New Delhi: The Narendra Modi government Monday sought Parliament approval for additional spending of Rs 1.67 lakh crore in the current financial year as it looks to budget the additional expenditure for its Covid relief package.
While the government had announced a Rs 21-lakh crore economic relief package in phases over the last three months, the fiscal impact of these measures was expected to be at one-tenth of its size at Rs 2-2.5 lakh crore as most of the measures were aimed at boosting liquidity.
On the first day of the Parliament’s Monsoon Session, Finance Minister Nirmala Sitharaman tabled the first batch of supplementary demand for grants in the Lok Sabha seeking gross additional expenditure of Rs 2.35 lakh crore.
Of this, around Rs 68,000 crore will be met through savings from other departments and the remaining Rs 1.67 lakh crore will be an additional cash outgo.
The highest cash outgo is on account of the higher allocations for the rural job guarantee scheme. The Mahatma Gandhi National Rural Employment Guarantee Scheme has been allocated an additional expenditure of Rs 40,000 crore to what was announced in the budget.
Another Rs 33,771 crore has been allocated for cash transfers to women Jan Dhan accounts and in accounts of the old people. The Ministry of Consumer Affairs, Food and Public Distribution has been provided an additional allocation of Rs 16,000 crore for distribution of foodgrains and other expenditure.
Around Rs 14,000 crore has been allocated to the Ministry of Health and Family Welfare in its Covid fight. The government has also allocated Rs 4,000 crore to the National Credit Guarantee Trust Company for guaranteeing Rs 3 lakh crore of loans to micro, small and medium enterprises.
The government has also allocated Rs 46,600 crore for allocation of revenue deficit grants to states as recommended by the Fifteenth Finance Commission. Though the government had accepted the recommendations of the commission to provide Rs 74,340 crore to the states in 2020-21, the allocation made in the budget was only around Rs 30,000 crore.

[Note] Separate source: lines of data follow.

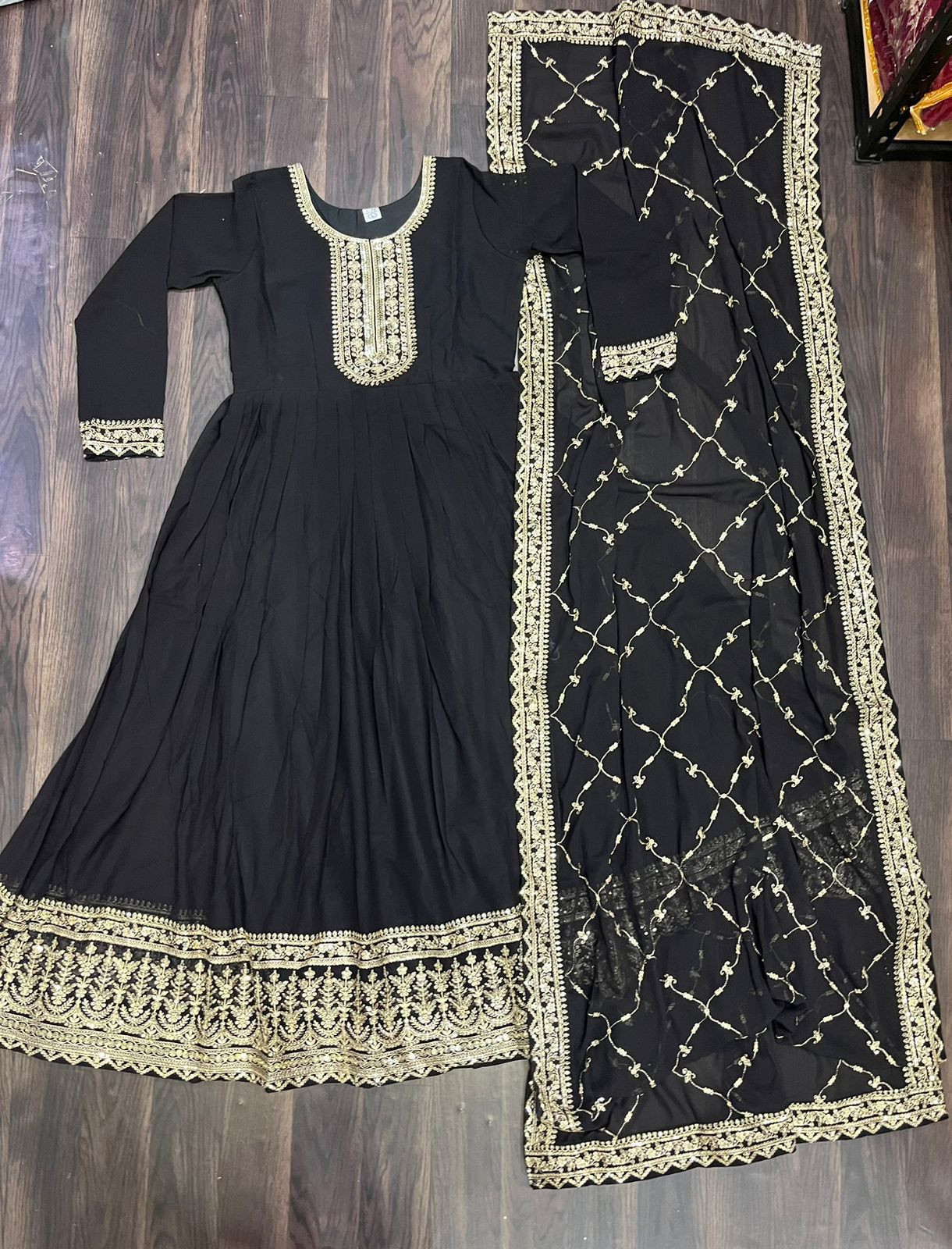 Fabric & Work: Premium Faux Blooming fabric adorned with rich sequins embroidered work for a stunning shimmer.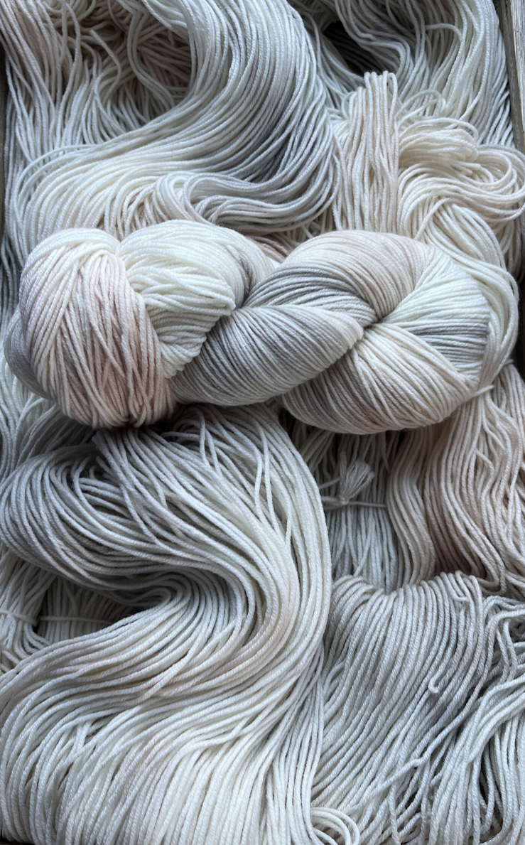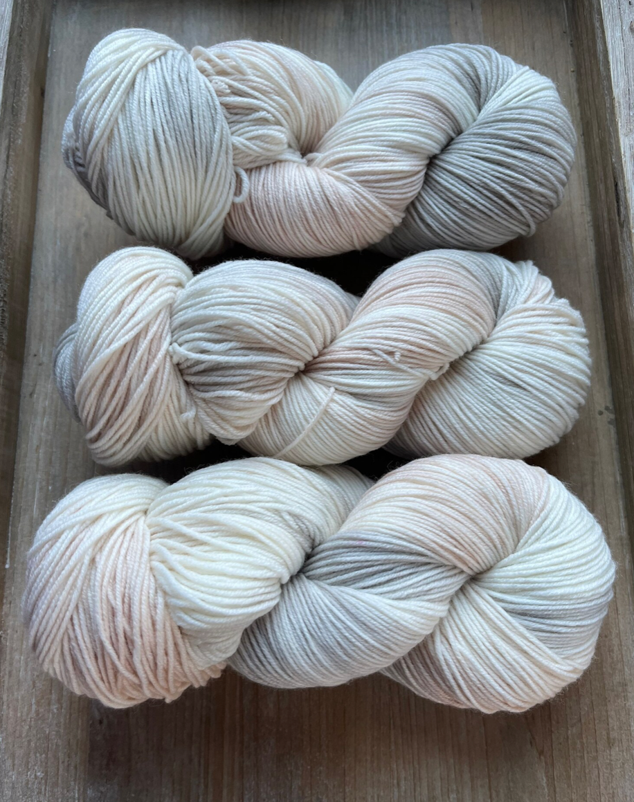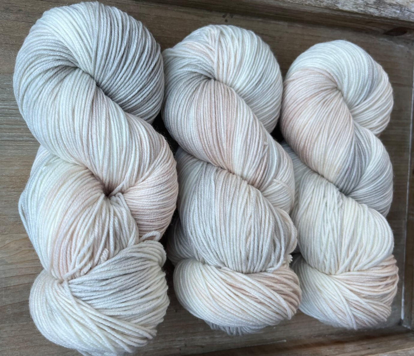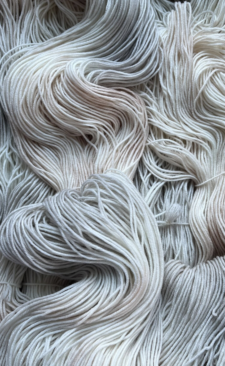 Luxe Sock Base: Luxe Sock is made up of 75% Ultra Fine Merino Wool, 15% Mulberry Silk, and 10% Cashmere. Each skien is 100 grams and 437 yards, 2ply construction. This yarn base is heavenly soft against the skin, and perfect for a special project calling for a high end fingering weight yarn. The Mulberry Silk adds drape and lustre, and the cashmere creates a fuzzy halo effect as you work with it. The colours of dye tend to shine through, looking much more striking and rich compared to some of my samples on Superwash bases. Fibres in this base are sourced from Australia, the wool used in this yarn is ethically produced from sheep that have NOT been mulesed. Hand wash only, lay flat to dry.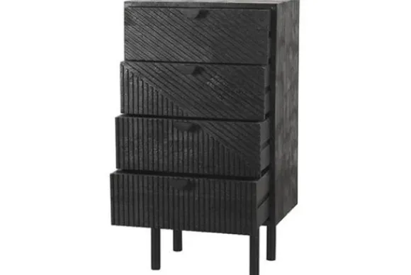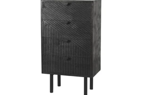 Ladekast Cotia Zwart AC-49.058 van het merk LABEL51 is een prachtig meubel uitgevoerd in zwart mangohout. Mangohout kun je herkennen aan de vele kleurschakeringen en ongelijkheden in het oppervlakte van het hout, waardoor geen enkel meubelstuk hetzelfde is. De kleuren in mangohout kunnen variëren van licht- tot donkerbruine tonen. Mangohout is een duurzame houtsoort. Ladekast Cotia kenmerkt zich door zijn mooie lijnwerk in de lades.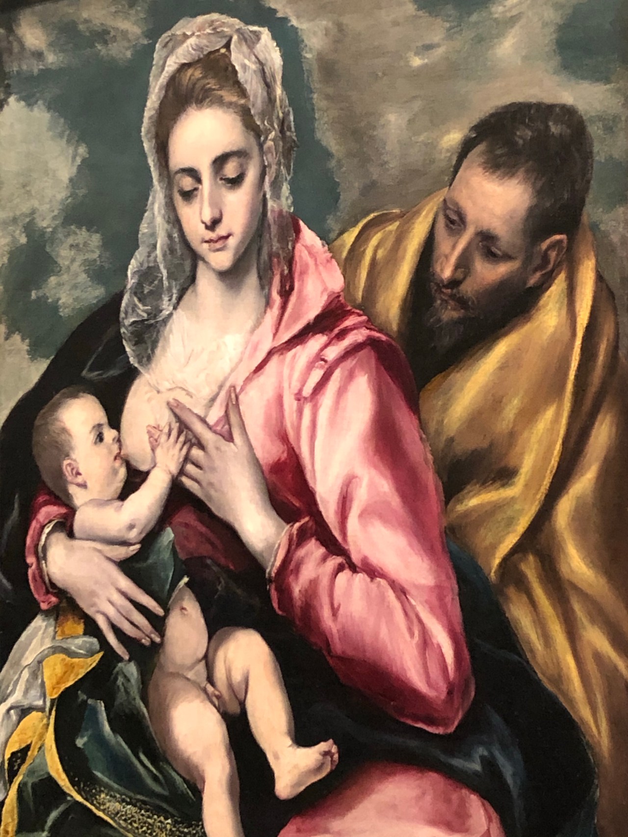 J’ai aussi adoré « La Sainte famille » avec cette femme qui donne le sein à l’enfant. Et cet homme qui regarde cette scène par derrière les épaules de la femme. Ce tableau est d’une luminosité, d’une douceur et d’une tendresse que j’en suis tout émue.

Amid rising tensions along the Line of Actual Control, the government is also providing additional resources building and maintenance of strategic and border roads.

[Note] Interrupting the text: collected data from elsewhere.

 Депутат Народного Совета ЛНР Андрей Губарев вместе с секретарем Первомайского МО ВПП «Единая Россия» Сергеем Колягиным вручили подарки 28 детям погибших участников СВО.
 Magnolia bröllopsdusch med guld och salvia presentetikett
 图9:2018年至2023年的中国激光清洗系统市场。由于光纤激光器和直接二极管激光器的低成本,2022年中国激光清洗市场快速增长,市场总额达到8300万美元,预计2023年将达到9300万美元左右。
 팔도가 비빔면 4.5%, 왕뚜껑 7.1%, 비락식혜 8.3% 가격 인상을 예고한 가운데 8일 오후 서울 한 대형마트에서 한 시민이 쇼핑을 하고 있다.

Among the allocations that will not have a cash outgo include Rs 20,000 crore of recapitalisation of state-run banks.
‘Fiscal deficit will widen’
With revenue contracting sharply and expenditures rising, the government has announced an additional borrowing of Rs 4 lakh crore in the current fiscal. This will raise the total market borrowing by the government to Rs 12 lakh crore in 2020-21. The fiscal deficit is also likely to increase sharply than the initially budgeted 3.5 per cent.
Aditi Nayar, principal economist at ICRA Ltd, said in a note that the eventual fiscal deficit for 2020-21 will be determined by the extent of the savings that can be generated through expenditure management measures in light of the ongoing revenue shock of around Rs 6 lakh crore.
“Our baseline expectation is now that the Government of India’s fiscal deficit will widen to at least Rs 14 lakh crore or 7.4 per cent of GDP in 2020-21,” she said.